15. The method of claim 14, wherein the forming of the chamber layer comprises:

coating the chamber layer having the predetermined height on the substrate; and

hardening a portion of the chamber layer corresponding to walls defining the ink chamber.

16. The method of claim 15, wherein the coating of the chamber layer comprises:

coating a photocurable epoxy resin to a predetermined height on the substrate.

17. The method of claim 15, wherein the hardening of the portion of the chamber layer comprises:

covering the chamber layer with a patterned negative photoresist; and

irradiating light to the chamber layer covered with the patterned negative photoresist to harden portions of the chamber layer that are exposed to the light through the patterned negative photoresist.

18. The method of claim 14, wherein the forming of the nozzle layer comprises:

coating the nozzle layer having the predetermined height on the chamber layer having the hardened portion;

removing an unhardened portion of the chamber layer to form the ink chamber; and

hardening the nozzle layer.

19. The method of claim 18, wherein the coating of the nozzle layer comprises:

coating a thermocurable epoxy resin to a predetermined height on the chamber layer having the hardened portion.

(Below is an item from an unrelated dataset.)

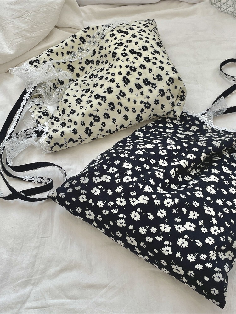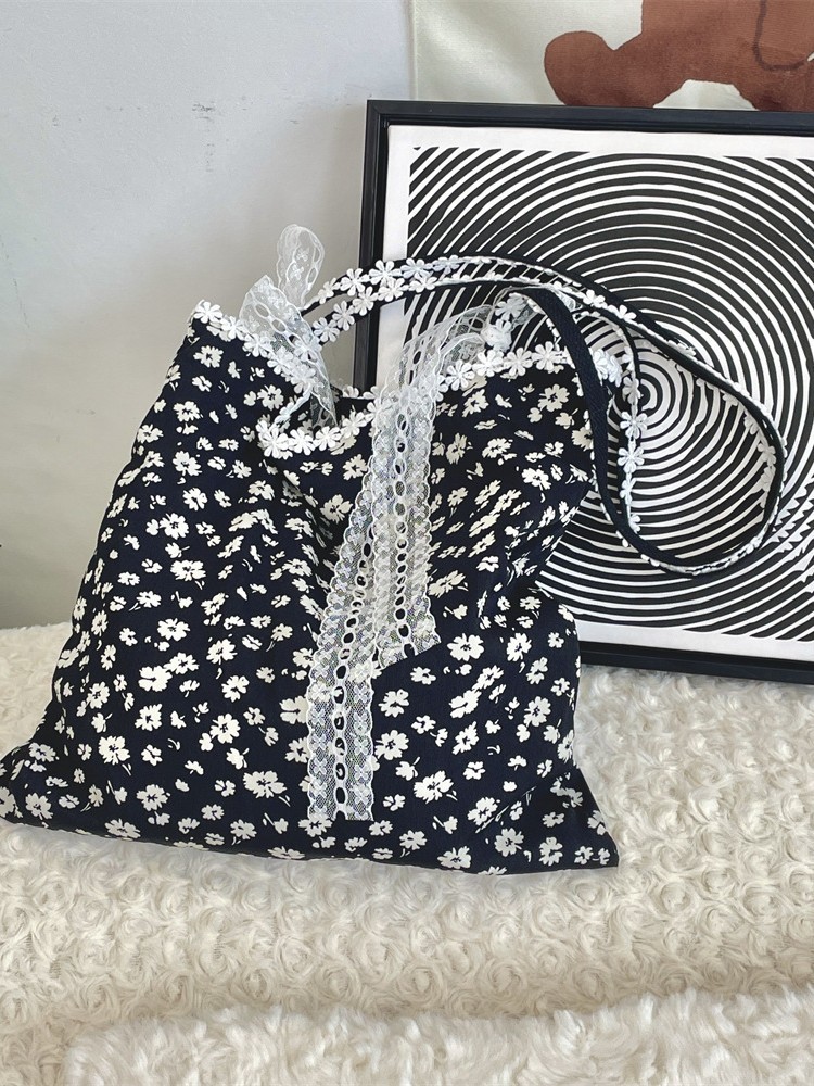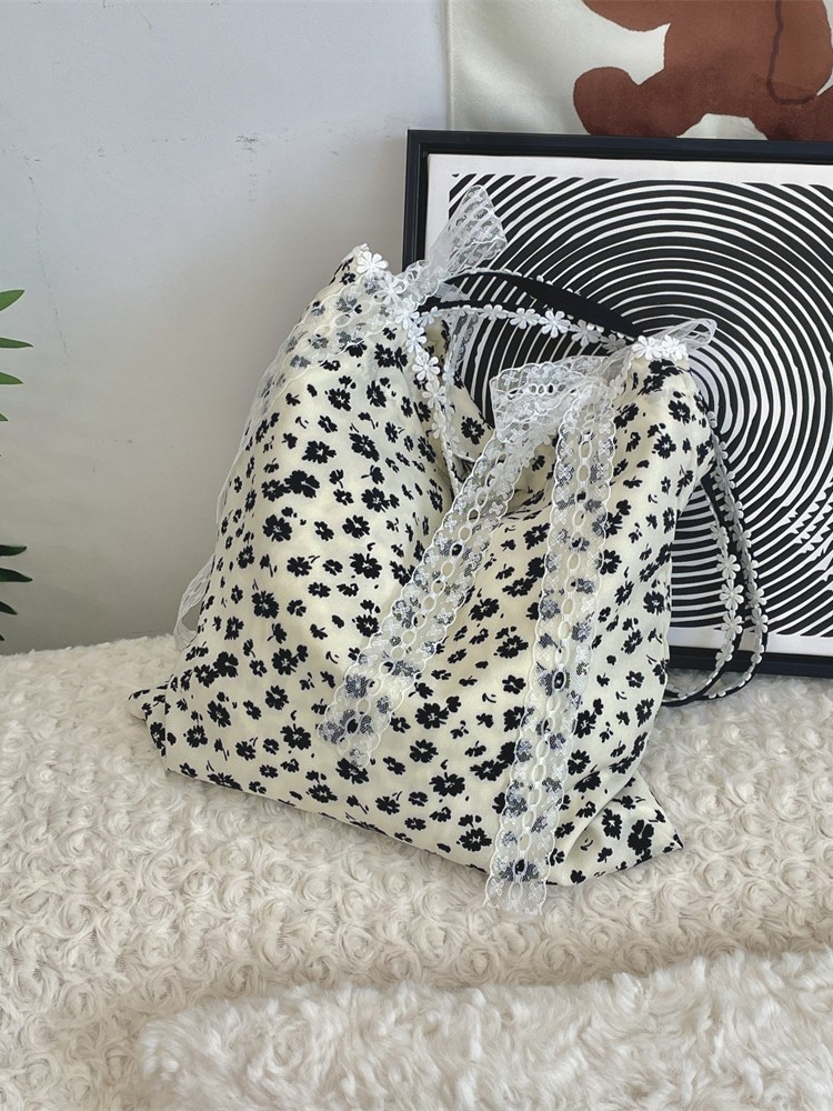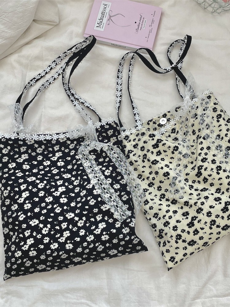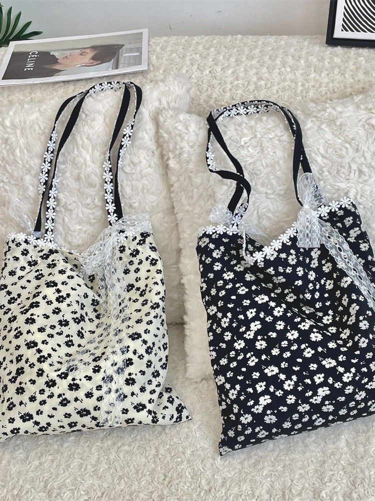 5322 부드러운 소녀의 심장 디자인 새로운 스타일 스티칭 레이스 활 어깨 가방 검은 꽃 캔버스 가방

20. The method of claim 18, wherein the hardening of the nozzle layer comprises:

heating the nozzle layer for a predetermined period of time at a predetermined temperature.

21. The method of claim 18, further comprising:

covering the hardened nozzle layer with a patterned positive photoresist; and

irradiating light to the nozzle layer covered with the patterned positive photoresist and removing portions of the nozzle layer that are exposed to the light through the patterned positive photoresist to form the nozzle.

22. The method of claim 14, further comprising:

forming a manifold in the substrate to supply the ink to the ink chamber.